Like folk-punk compatriots Titus Andronicus, Saintseneca songs can have a ramshackle, off-the-cuff quality. But that loose energy belies the patient craft the band puts into the song. Little has likened his songwriting in the past to being a lot like digging for dinosaur bones: carving slowly and steadily through bedrock until some form begins to take shape.
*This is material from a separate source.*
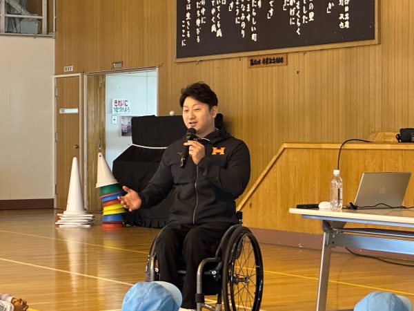 戸田さんは突然の障がいを負った経験とパラスポーツとの出会いを通じて前向きさを取り戻したことを語り、児童たちはそのお話しに真剣に耳を傾けました。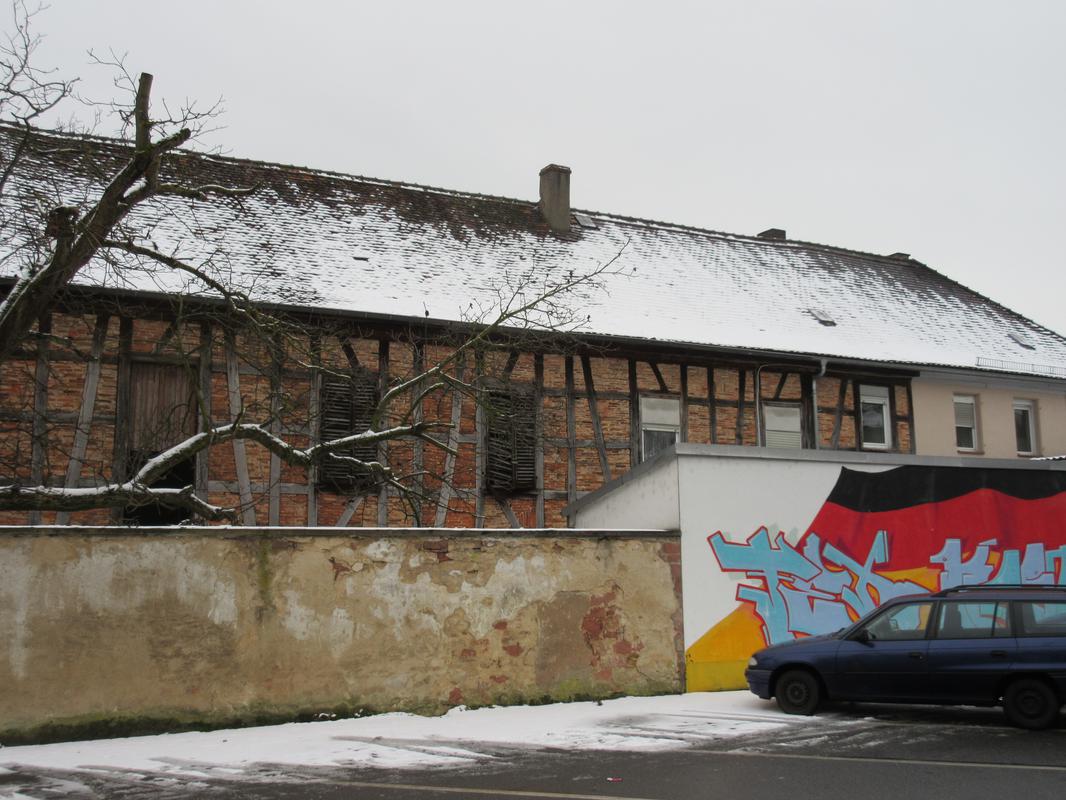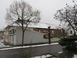 Das langgestreckte, senkrecht zur Straße angeordnete Gebäude stellt die restliche Bebauung einer in der 1. Hälfte des 19. Jhs errichteten, südlich der mittelalterlichen Altstadt vorgelagerten, hofartigen Anlage dar. Hier waren bis zu ihrem Abbruch zugunsten der Stadthalle eine öffentliche Wäschebleiche, das städtische Schlachthaus und ein Holzmagazin angeordnet. Der verbliebene südliche Flügel der Anlage zeigt in seinem westlichen, zur Straße gerichteten massiven, zweigeschossigen Teil ein Wohnhaus, dessen abgewalmtes Satteldach den im Obergeschoss aus Fachwerk gefügten östlichen Gebäudetrakt mit überdeckt. In der weiteren Folge schließt östlich ein L-förmiger Stall- und Scheunentrakt an, der ebenfalls aus Sandstein-Bruchsteinmauerwerk sowie einem Fachwerkobergeschoss gefügt ist. Das Gebäude bildet städtebaulich einen wichtigen Abschluss der Freifläche der Stadthalle nach Süden sowie eine wichtige Raumkante der Bürgermeister-Rühl-Straße (im weiteren Verlauf Harreshäuser Allee) nach Norden, so dass ein Erhalt aus städtebaulichen Gründen aber auch geschichtlichen Gründen geboten ist.

“Sometimes you dig up the whole thing and it reveals itself all at once,” Little says. “But there are moments where the thing is slowly revealed through testing — through a lot of time and energy. I think that creating something isn’t so much about you making it, but rather a process of discovering and recognizing combinations of potential that’s already there.”

Pillar of Na is sonic archaeology: The sound of Little and his bandmates trying to liberate the bones of angels and giants buried in the grooves of their record.

Saintseneca. With Trace Mountains. 8 p.m. Thursday, October 25 at Valley Bar, 130 North Central Avenue; valleybarphx.com. Tickets are $12 via Ticketfly.